Indeed, that looks pretty bad. We managed to score badly on all major accounts:
large \(\hat{R}\)
extremely poor efficient sample size
ridiculously far ranging posterior estimates for the main model components
tons of divergent transitions
maximum treedepth reached more often than hipster touches their phone in a week
Some of these caterpillars look like they are in a vicious rose war:
plot(fit_bad)
We also see that that the intercept of and the slope for year_perturbed are the main troublemakers (in terms of traceplots).
Interestingly, a simple posterior check doesn’t look half-bad:
pp_check(fit_bad)
But now, have a look at the pairs() plot:
pairs(fit_bad)
Aha, there we see a clear problem! The joint posterior for the intercept and the slope for year_perturbed looks like a line. This means that these parameters could in princple do the same “job”.

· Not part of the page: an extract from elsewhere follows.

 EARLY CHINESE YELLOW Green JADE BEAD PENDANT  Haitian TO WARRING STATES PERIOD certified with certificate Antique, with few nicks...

This suggests a possible solution stragey. The model is too unconstrained. It can allow these two parameters meander to wherever they want (or so it seems). We could therefore try honing them in by specifying priors, like so:
Family: gaussian
Links: mu = identity; sigma = identity
Formula: avg_temp ~ s(year) + year_perturbed
Data: mutate(aida::data_WorldTemp, year_perturbed = rnor (Number of observations: 269)

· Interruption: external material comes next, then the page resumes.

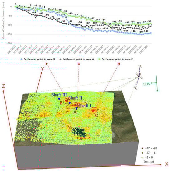 Figure 5 shows the subsidence-rate map of the mine area. There are three areas with large subsidence rates in the area, namely A, B, and C, which correspond to the areas with large subsidence on the cumulative subsidence map. The surface subsidence trend in the upper part of Figure 5 shows that the subsidence points located in the three subsidence centers of A, B, and C all exhibit a significant and continuous decline. The cumulative deformation of the selected point in subsidence area A is approximately −111 mm, and the average annual subsidence rate is −45 mm/a; the cumulative deformation of the selected point in subsidence area B is approximately −146 mm, and the average annual subsidence rate is −59 mm/a, and the cumulative deformation of the selected point in subsidence area C is approximately −92 mm, and the average annual subsidence rate is −37 mm/a. The maximum annual average rate of subsidence in the mine area is estimated to be −77 mm/a.

Draws: 4 chains, each with iter = 2000; warmup = 1000; thin = 1;
total post-warmup draws = 4000
Smooth Terms:
Estimate Est.Error l-95% CI u-95% CI Rhat Bulk_ESS Tail_ESS
sds(syear_1) 3.62 1.08 2.04 6.16 1.00 1074 1808
Population-Level Effects:
Estimate Est.Error l-95% CI u-95% CI Rhat Bulk_ESS Tail_ESS
Intercept -187.55 58370.12 -91895.80 96032.53 1.02 2239 613
year_perturbed 0.11 33.35 -54.87 52.52 1.02 2239 613
syear_1 14.60 2.32 9.93 19.16 1.00 2006 2539
Family Specific Parameters:
Estimate Est.Error l-95% CI u-95% CI Rhat Bulk_ESS Tail_ESS
sigma 0.33 0.01 0.30 0.36 1.00 3180 2729
Draws were sampled using sampling(NUTS). For each parameter, Bulk_ESS
and Tail_ESS are effective sample size measures, and Rhat is the potential
scale reduction factor on split chains (at convergence, Rhat = 1).
Well, alright! That isn’t too bad anymore. But it is still clear from the posterior pairs plot that this model has two parameters that steal each other’s show. The model remains a bad model … for our data.
pairs(fit_bad)
Here’s what’s wrong: year_perturbed is a constant! The model is a crappy model of the data, because the data is not what we thought it would be. Check it out:
That’s more like what we thought it was: year_perturbed is supposed to be noisy version of the actual year. So, let’s try again, leaving out the smoothing, just for some more chaos-loving fun:
fit_bad_2 <-brm(formula = avg_temp ~ year + year_perturbed, data = data_WorldTemp_perturbed,seed =1969,prior =prior("student_t(1,0,5)", coef ="year_perturbed")) summary(fit_bad_2)
Family: gaussian
Links: mu = identity; sigma = identity
Formula: avg_temp ~ year + year_perturbed
Data: data_WorldTemp_perturbed (Number of observations: 269)
Draws: 4 chains, each with iter = 2000; warmup = 1000; thin = 1;
total post-warmup draws = 4000
Population-Level Effects:
Estimate Est.Error l-95% CI u-95% CI Rhat Bulk_ESS Tail_ESS
Intercept -3.45 0.58 -4.58 -2.32 1.00 4456 3133
year 0.01 0.00 0.01 0.01 1.00 4059 2558
year_perturbed -0.00 0.00 -0.00 0.00 1.00 4094 2708
Family Specific Parameters:
Estimate Est.Error l-95% CI u-95% CI Rhat Bulk_ESS Tail_ESS
sigma 0.40 0.02 0.37 0.44 1.00 1456 1573
Draws were sampled using sampling(NUTS). For each parameter, Bulk_ESS
and Tail_ESS are effective sample size measures, and Rhat is the potential
scale reduction factor on split chains (at convergence, Rhat = 1).
There are no warnings, so this model must be good, right? – No!
If we check the pairs plot, we see that we now have introduced a fair correlation between the two predictor variables.
pairs(fit_bad_2)
We should just not have year_perturbed; it’s nonsense, and it shows in the diagnostics.